=== Listed entries ===
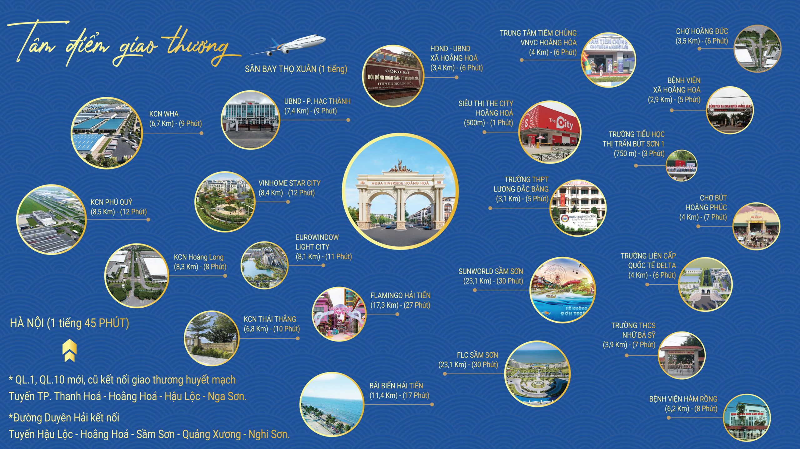 - Tam Cận Lộ: Với mặt tiền trải dài trên Quốc lộ 10 và chỉ cách nút giao Quốc lộ 1A 1km, Aqua Riverside là cửa ngõ giao thương kết nối trực tiếp đến TP. Thanh Hóa, các khu công nghiệp và thiên đường du lịch biển Hải Tiến.
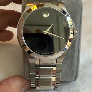 Lowest price will not sell cheaper! Sleek Movado watch with a black dial. Silver bracelet adds elegance. Just needs new battery :)
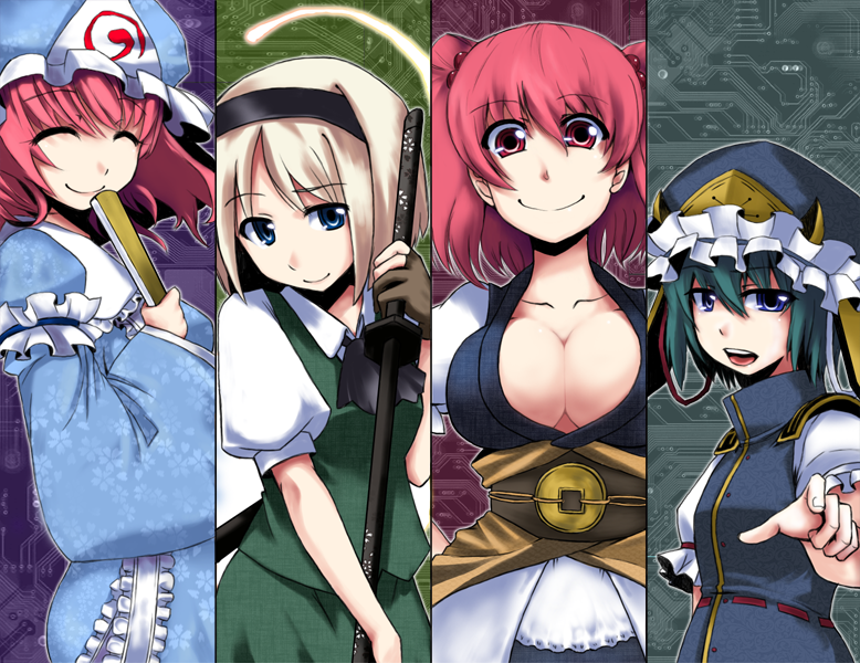 4girlsbreastscleavagecolumn lineupfemale focusfolded fanfolding fanhand fankatanalarge breastsmultiple girlspointingsmileswordweapon
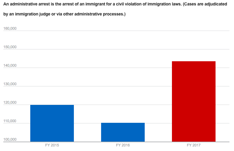 I dati sugli arresti di immigrati irregolari divisi per anno fiscale: occhio, l’anno fiscale 2017 comincia a settembre 2016, quindi comprende anche quattro mesi di amministrazione Obama.
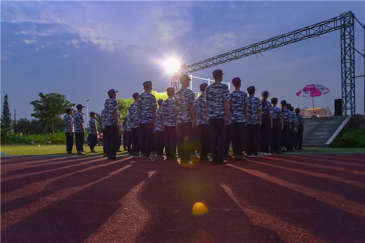 9月8日晚,大一新生和教官们在操场上进行了联谊晚会,3000多名大一新生们穿着整齐的航天蓝迷彩服席地而坐。
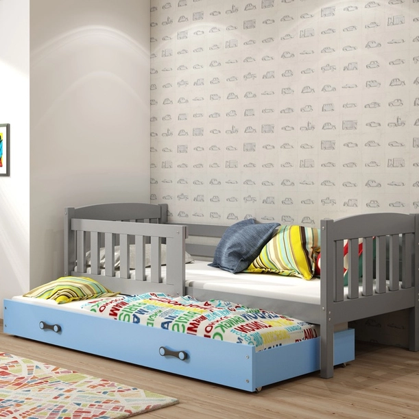Łóżko młodzieżowe wysuwane KUBUŚ 90X190 z materacem i szufladą, grafitowe/niebieskie
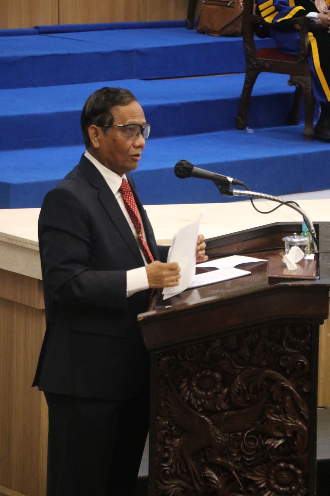 Mengawali orasi ilmiah, Prof. Dr. Moh. Mahfud MD, S.H. menyampaikan bahwa usia 65 tahun merupakan capaian penting dan berarti bagi Undip. Selama 65 tahun, Undip telah berkontribusi menjalankan salah satu amanat konstitusional UUD 1945, yakni turut mencerdaskan kehidupan bangsa. Selama 65 tahun, Undip telah menjalani kiprah mulia sebagai simpul dan pilar utama pembangunan di bidang pendidikan. Dan selama 65 tahun, Undip telah menghasilkan banyak alumni yang berkualitas dan berintegritas.
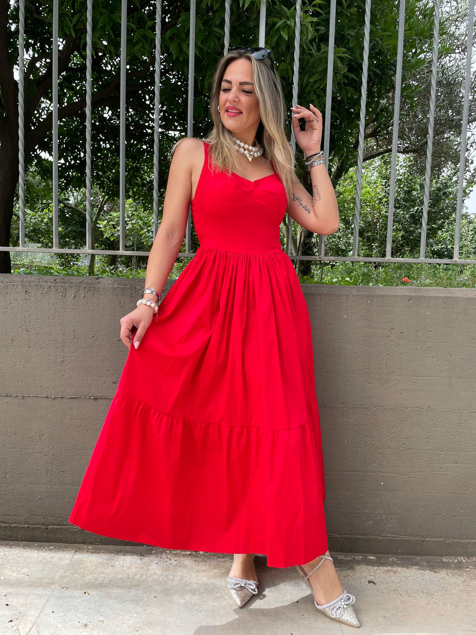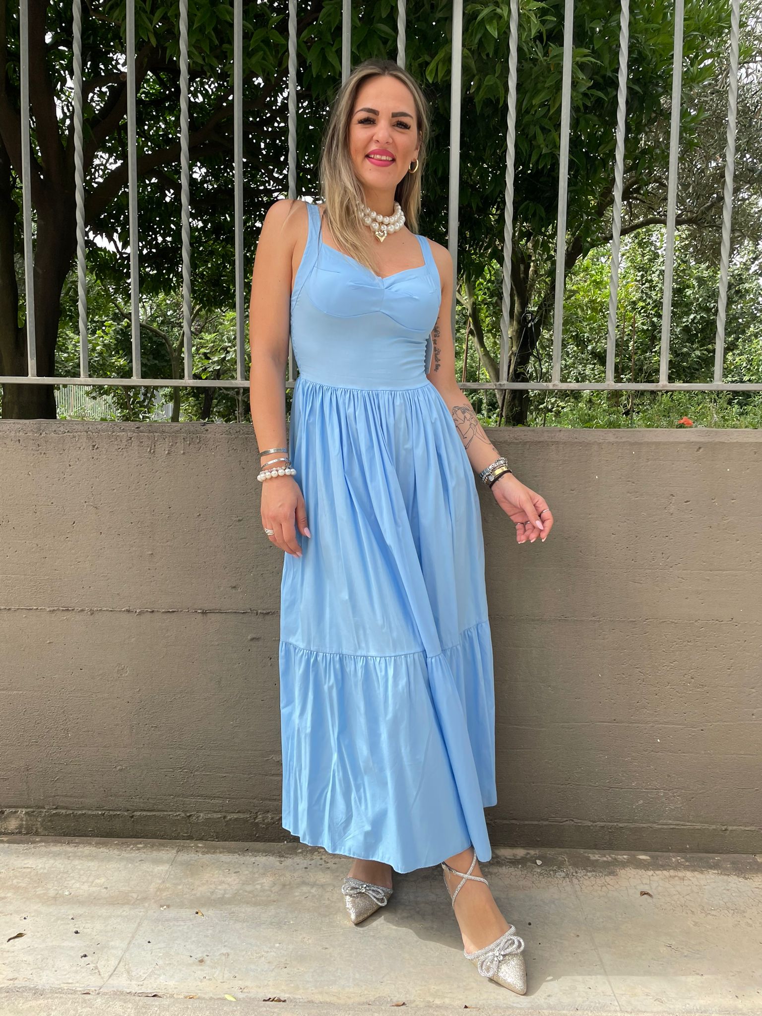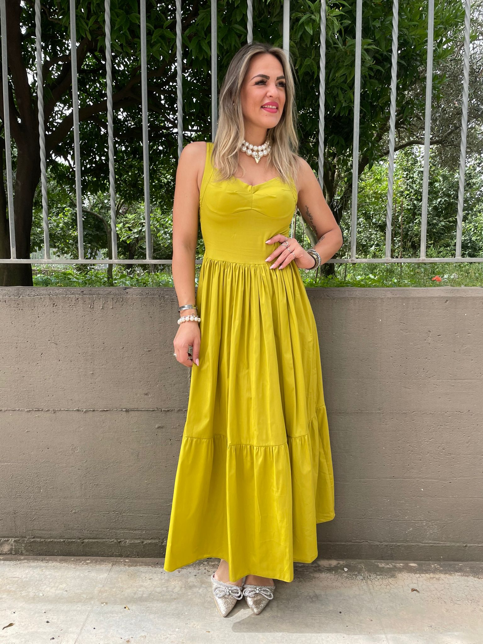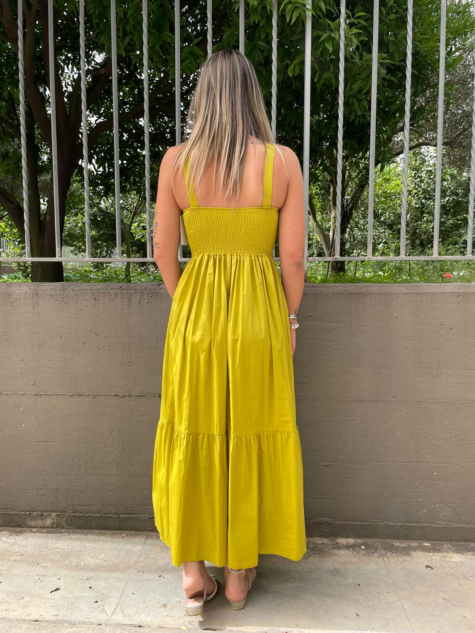- Vestito lungo tinta unita
===
◆ What the task asks
Reproduce every entry above in full and exactly, though not its pictures.

◆ Output for this task
 - Tam Cận Lộ: Với mặt tiền trải dài trên Quốc lộ 10 và chỉ cách nút giao Quốc lộ 1A 1km, Aqua Riverside là cửa ngõ giao thương kết nối trực tiếp đến TP. Thanh Hóa, các khu công nghiệp và thiên đường du lịch biển Hải Tiến.
 Lowest price will not sell cheaper! Sleek Movado watch with a black dial. Silver bracelet adds elegance. Just needs new battery :)
 4girlsbreastscleavagecolumn lineupfemale focusfolded fanfolding fanhand fankatanalarge breastsmultiple girlspointingsmileswordweapon
 I dati sugli arresti di immigrati irregolari divisi per anno fiscale: occhio, l’anno fiscale 2017 comincia a settembre 2016, quindi comprende anche quattro mesi di amministrazione Obama.
 9月8日晚,大一新生和教官们在操场上进行了联谊晚会,3000多名大一新生们穿着整齐的航天蓝迷彩服席地而坐。
Łóżko młodzieżowe wysuwane KUBUŚ 90X190 z materacem i szufladą, grafitowe/niebieskie
 Mengawali orasi ilmiah, Prof. Dr. Moh. Mahfud MD, S.H. menyampaikan bahwa usia 65 tahun merupakan capaian penting dan berarti bagi Undip. Selama 65 tahun, Undip telah berkontribusi menjalankan salah satu amanat konstitusional UUD 1945, yakni turut mencerdaskan kehidupan bangsa. Selama 65 tahun, Undip telah menjalani kiprah mulia sebagai simpul dan pilar utama pembangunan di bidang pendidikan. Dan selama 65 tahun, Undip telah menghasilkan banyak alumni yang berkualitas dan berintegritas.
- Vestito lungo tinta unita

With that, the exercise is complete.